I can train the model, but the predict result returns (roughly) the fractional total of each of the classes for every sample. I'm wondering if anyone can point me to what I'm doing wrong.

The code segment below will download the training data from a google cloud bucket (~111MB - beware!)
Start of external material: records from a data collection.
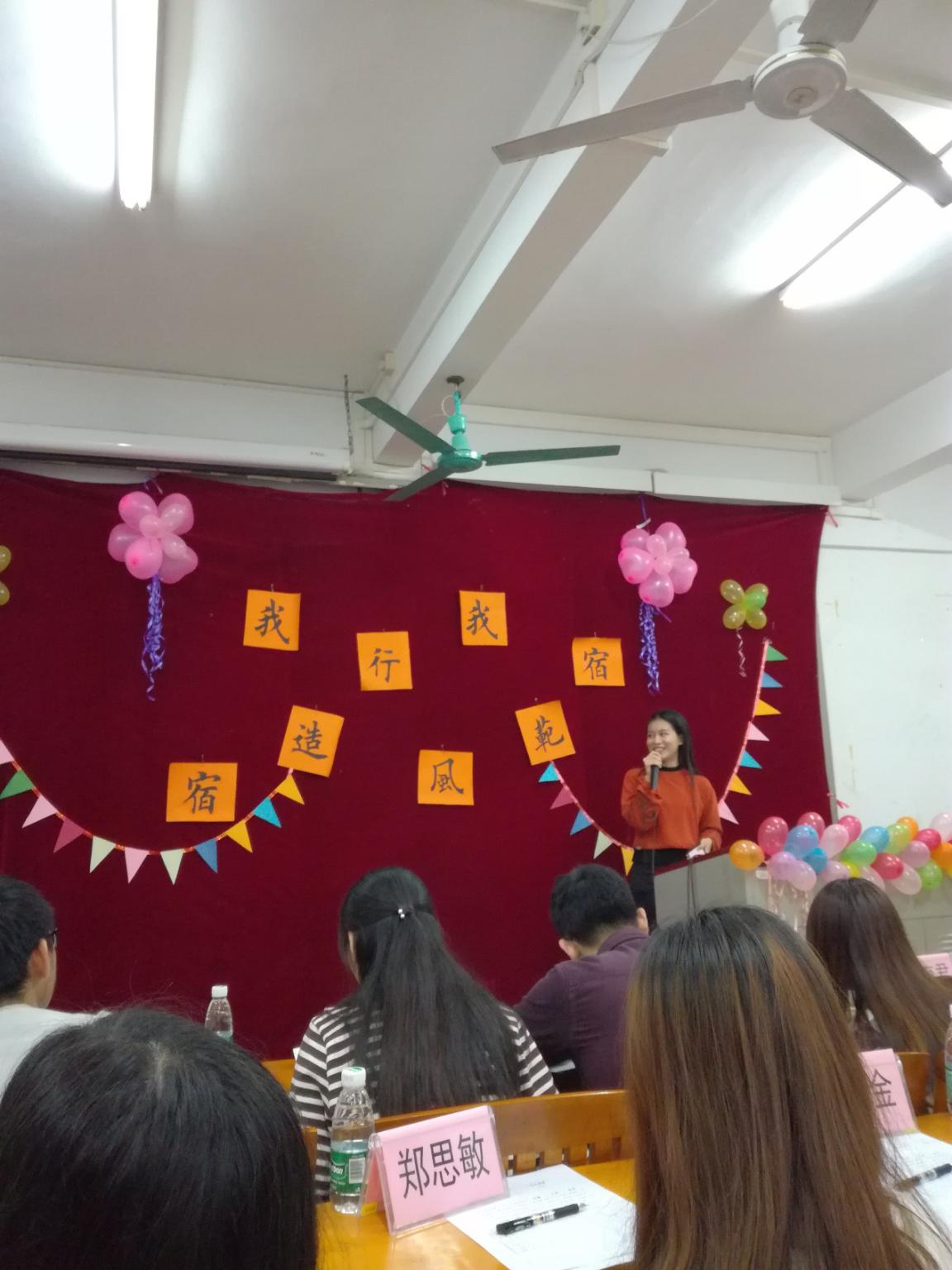本次比赛分为两个环节:一是演讲环节,宿舍代表上台介绍自己的宿舍情况;二是表演环节,宿舍成员开始才艺表演,展现宿舍成员的风采。同学们纷纷就自己宿舍的制度建设进行了简要介绍,并仔细说明了自己宿舍的装扮、风格,也通过小品、合唱等形式展现了计科学子的风采。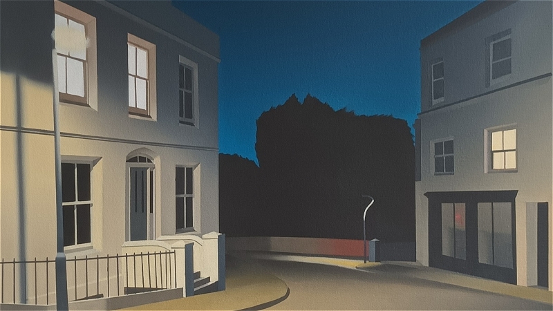 Ian Paterson, also Brighton-based is a painter with a highly perfected airbrush quality, creating a sense of calm and space, focusing on beautiful birds, still life and highly evocative interpretations of street corners in Brighton by lamplight.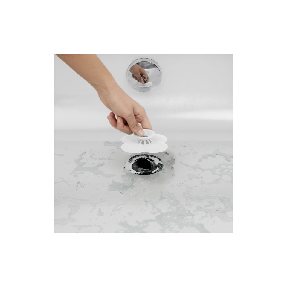 Wystarczy nacisnąć środkowy przycisk, aby umożliwić swobodny przepływ wody i zatrzymać włosy, lub docisnąć krawędzie, by szczelnie zamknąć odpływ.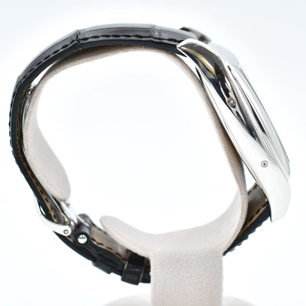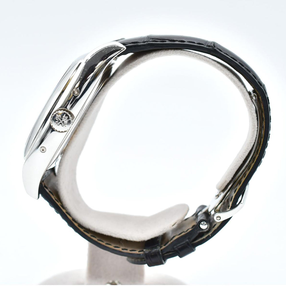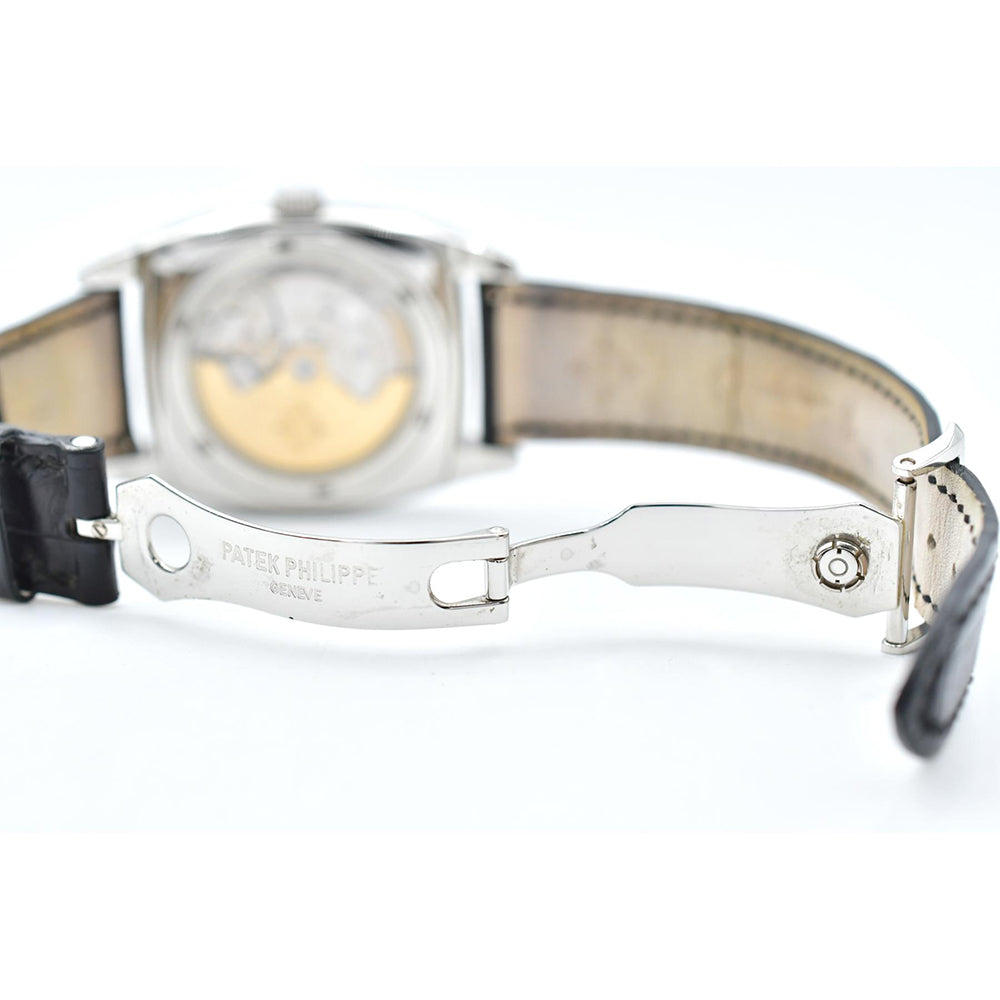 The Patek Philippe Annual Calendar 5135P-001 is a high-end men's watch with a distinctive set of features. Its platinum case and bezel provide both durability and elegance, and the gray dial with silver-tone hands is both sleek and easy to read. The watch's moon phase and 24-hour indicator sub-dial at the 6 o'clock position, day of the week window at 10 o'clock, date window at 12 o'clock, and month window at 2 o'clock provide a range of practical functions for daily use. The watch's scratch-resistant sapphire crystal on both sides ensures that it will remain protected and maintain its clarity. The black leather strap and platinum tang buckle add to the watch's sophisticated style, while its automatic movement with a power reserve of 45 hours offers reliable timekeeping. Additionally, the watch is water-resistant up to 30 m / 90 ft.

Any help would be greatly appreciated.

library(keras)
# set working dir
# change this to a scratch location of your choosing
workingDir <- "/nfs/scratch/fcn"

#specify destination of file
dest.file <- paste(workingDir,"/trainingData.RData",sep="")

#get data and load
#file is ~ 111 MBytes
download.file("http://data.terra-analytics.net/train_data.RData",dest.file)
load(dest.file)

#'x' data is a 3-dimensional array [x,y,z] with dimensions [n,66,32] where
#x is the sample
#y is timestep
#z is the feature

dim(x_train)
dim(x_val)

#'y' data is the output classes (n=5) encoded as a 1d array 
#with integer values of 0 to 4
dim(y_train)
dim(y_val)
str(y_train)
unique(y_train)

#implement the FCN architecture based on
#https://github.com/hfawaz/dl-4-tsc/blob/master/classifiers/fcn.py

get_fcn <- function(input_shape = c(66,32),
                    num_classes = 5) {

  inputs <- layer_input(shape = input_shape)

  conv1 <- inputs %>%
    layer_conv_1d(filters = 128, kernel_size = c(8), padding = "same") %>%
    layer_batch_normalization() %>%
    layer_activation("relu") 

  conv2 <- conv1 %>%
    layer_conv_1d(filters = 256, kernel_size = c(5), padding = "same") %>%
    layer_batch_normalization() %>%
    layer_activation("relu") 

  conv3 <- conv2 %>%
    layer_conv_1d(filters = 128, kernel_size = c(3), padding = "same") %>%
    layer_batch_normalization() %>%
    layer_activation("relu") 

  gap_layer <- conv3 %>% 
    layer_global_average_pooling_1d()

  output_layer <- gap_layer %>%
    layer_dense(units = num_classes, activation = "softmax")      

  model <- keras_model(
    inputs = inputs,
    outputs = output_layer
  )

  model %>% compile(
    optimizer = optimizer_adam(),
    loss = 'sparse_categorical_crossentropy',
    metrics = 'accuracy'
  )

  return(model)
}

callbacks <- list(callback_reduce_lr_on_plateau(monitor = 'loss', factor = 0.5, patience = 50, min_lr =0.0001),
                  callback_model_checkpoint(filepath = "satmodel_test.hd5",monitor = 'loss', save_best_only = TRUE))

model <- get_fcn()

train_history <- model %>% fit(
  x = x_train, 
  y = y_train,
  validation_data = list(x_val,y_val),
  callbacks = callbacks,
  epochs = 50,
  batch_size = 100)

plot(train_history)

out_y <- predict(model,x_val)

out_y[1,]
#[1] 0.68179649 0.12124907 0.12744266 0.04772407 0.02178771

out_y[1000,]
#[1] 0.68179649 0.12124907 0.12744266 0.04772407 0.02178771

sum(y_val == 0)/length(y_val)
#[1] 0.6845466

sum(y_val == 1)/length(y_val)
#[1] 0.1272882
skeydan commented 5 years ago

The R code itself looks good to me,- did you try running the Python version and see if you get the same results? Is the original Python version supposed to be working with multivariate data?

smorford commented 5 years ago

Thanks skeydan. I found that if I reduced the number of features in the training data, the model worked correctly. This can be closed.